James Schuyler, ‘A Few Days’

My Twitter-fast has coincided with my yearly visit to this place, where I was treated for non-Hodgkin’s lymphoma in 2006. I don’t think this was part of the plan. Nevertheless, I was keen to see how I would react to sitting in the increasingly unfamiliar waiting room without my usual distractions.

I packed a book, as I always do, and didn’t look at it (ditto).

Instead I sat and noticed things. The very real anguish of a man just to my left who had had his medication changed over the weekend. The groaning book-trolley, with titles like Deadlier Than The Male and Double Cross. The, to me, intoxicating stench of short crust pastry emanating from the cafe. It’s the one smell I still have trouble with from that time, my body remembering before I do that sudden need to retch every two minutes.

There were half-nods of recognition from nurses and secretarial staff. The same serene fish tank in the corner. Nothing and everything was the same.

A woman sitting behind me told the woman opposite her story. One morning, she said, she woke up with a terrible pain in her eye. She could barely see, she said. She was also a bit numb on her right side. After two days of this she went to the doctor’s, and was immediately rushed to hospital. ‘Didn’t come out for nine months,’ she said. ‘Stroke, then leukaemia. That’s why I’m here now. For the blood.’ There was a long silence.

Standing on the weighing scales I was side-swiped by a photograph of Jörn looking right at me. He was sitting on his lawn holding a large drink (vodka and tonic at a guess) and cradling an enormous and happy-looking Rottweiler. Though I think of him often, I wasn’t ready for this.

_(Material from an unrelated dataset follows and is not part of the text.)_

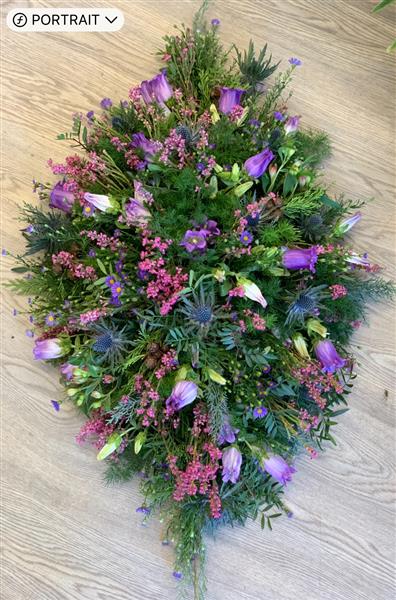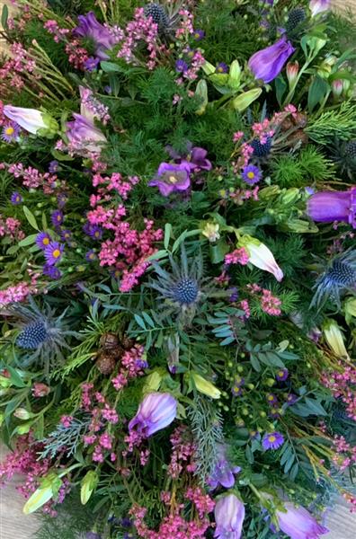Beautiful casket spray in your choice of colours. Includes roses, carnations and lisianthus. Standard price is for a 3ft spray.
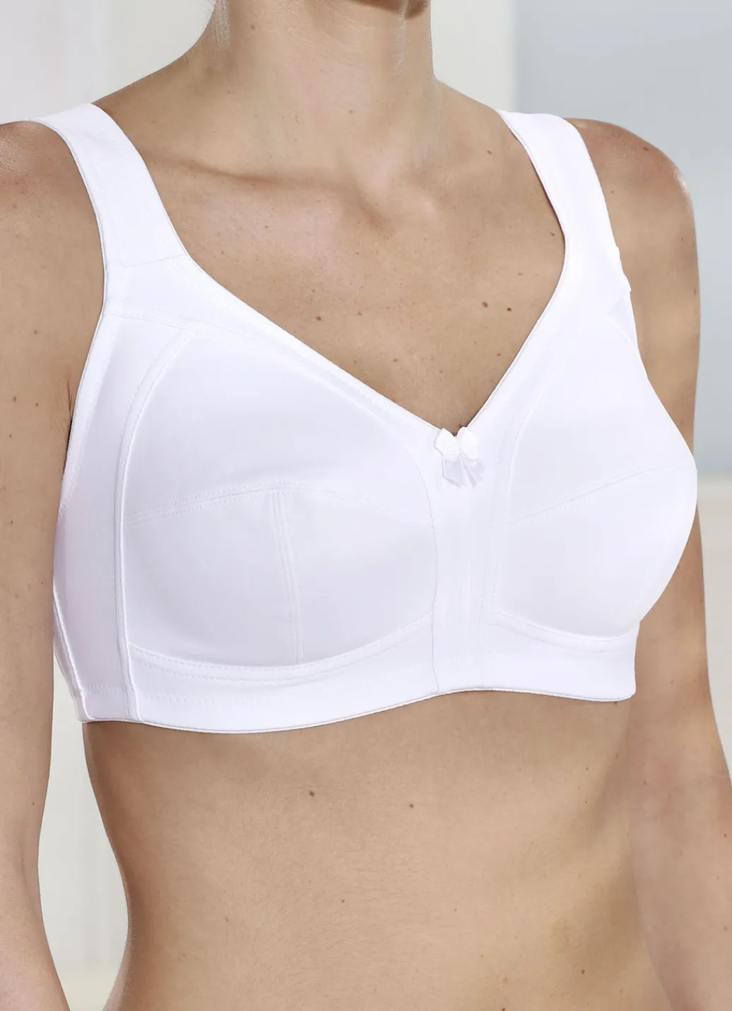 Weißer „Susa“-BH mit weich unterlegtem Vorderteil, seitlichen Stützstäbchen, verstärktem Rückteil sowie breiten, verstellbaren Stretchträgern.

My consultant beamed at me. I love to hear stories like yours, she said. We’ll see you in eighteen months.

By which time I will have passed the ten-year anniversary of my diagnosis, as well as that of my remission. I wasn’t ready for this either. Texting my wife with the news outside, I sat down on the bench next to my bike. I put my phone in my bag and sat on for a minute, taking it all in, the blue sky, the stillness of the morning, feeling full somehow, but also empty, knowing this moment would not come again.

10 Comments

  1. Anthony, so glad you got such good news. This post comes to me at a particular “moment.” I opened it just after reading and sending a reply to an update from a dear old friend 3,000 miles away who is in a new round of treatment after several years in remission. This time it will change his life completely as he will no longer be able to do the work he’s done for 30 years. We are tentative in our conversations; words do not come easily and too often seem superficial somehow. But your words – and James Schuyler’s – were just the right thing this morning and I thank you. I know he will thank you, too. Every moment counts.